A typical simulation output is shown in the figure below. The colour coding represents different types of material. SPH particles of type 1 represent the lander, SPH particles of type 1 represent the asteroid surface, and SPH particles of type 2 generate a fixed outer boundary.

(Note: Not all simulations were carried out with a fixed outer boundary. If the simulation runtime is long enough for density waves to propagate through the entire regolith material, the presence or absence of a fixed boundary will result in different numerical effects.)


Visualization of the simulation setup with paraSPH.

Summary of Results

Even for initial velocities of the order of 50 m/s, surface
deformations happen on relatively small scales.
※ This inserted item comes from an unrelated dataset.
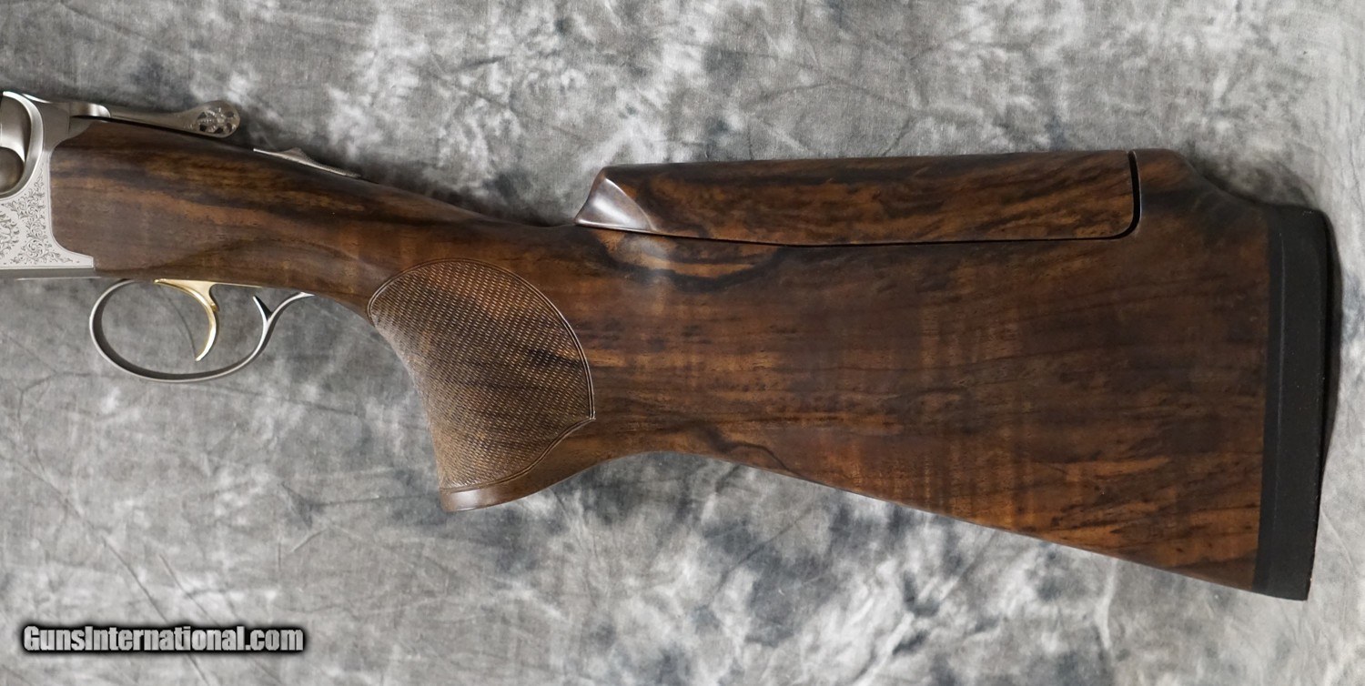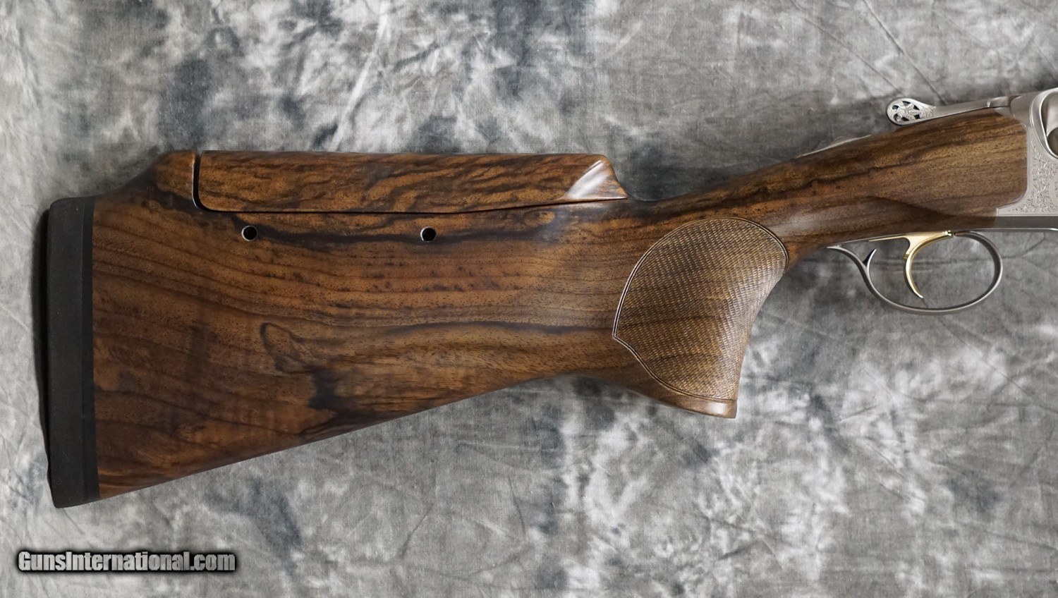 Description: New Perazzi High Tech/3 Lusso Helice 12GA with 3-Position 7x7 parallel adjustable rib, fixed (.028/.040) chokes (1.510kg barrel weight). Nickel finished "Lusso" action with fully hand engraved ribbons and scrolls, pierced top-lever. Factory removable, flat spring non-selective trigger. Factory SC2 grade Monte Carlo adj. comb stock with right-hand palmswell, fully checkered pistol grip, fully checkered PSA Pro forearm and gold inlaid "Helice" target on forearm. This gun is specially configured for Helice (ZZ Birds, Electrocibles) and would be excellent for Box pigeon shooting and Olympic Trap. Includes factory case, tools. Call 626-633-1002 for pricing. SOLD Shotgun Gauge: 12 Gauge |

Deformation of Asteroid Surface

Using unrealistic parameters (e.g. initial projectile velocities between 3 m/s and 50 m/s instead of 0.1 m/s and target densities around 400 kg/m^3 instead of 1280 kg/m^3) we find that even in these worst case scenarios the damage to the asteroid surface is negligible and the lander will not burrow into the material but bounce off instead.


Movement of Lander on Asteroid Surface

Using realistic parameters (an initial projectile velocity of 0.1 m/s, a target density of 1280 kg/m3 , and 10% of Earth’s gravitational field) we find that the lander does not sink into the asteroid surface. Instead, it bounces off but is captured by the gravitational field of the asteroid, meaning it does not escape and fly off into space. Our simulations show a series of bounces on the surface as illustrated by the figure to the right. Due to the short duration of the project and the computational expenses of each run, longer simulations could not be carried out. However, we note that the bounce height decreases with each bounce, indicating that the lander will eventually come to rest.

(Note: Longer simulations are subjected to numerical effects once the density waves have traversed through the entire target. Reflection of waves can then occur which leads to an oscillation of the surface. This is a numerical effect and not realistic but leads to the seemingly sharp decrease of bounce height after the second impact as well as the slightly increased bounce height after the 5th bounce. Unfortunately, limited time and computer resources did not enable us to increase the target size to minimise this effect.)


Height of the lander’s centre of mass above the
asteroid’s surface as a function of time.
Six impacts were simulated.

Simulation Visualisations

Impact of a horizontally elongated rectangle with an
initial velocity of -10 m/s in y-direction.

Impact of a rectangle with an initial velocity of -10 m/s
in y-direction.

Impact of a rotated lander with an initial velocity of -3 m/s in y-direction.

Impact of a rotated lander with an initial velocity of -13.5 m/s in y-direction.

Impact of a rotated lander with an initial velocity of -50 m/s in y-direction.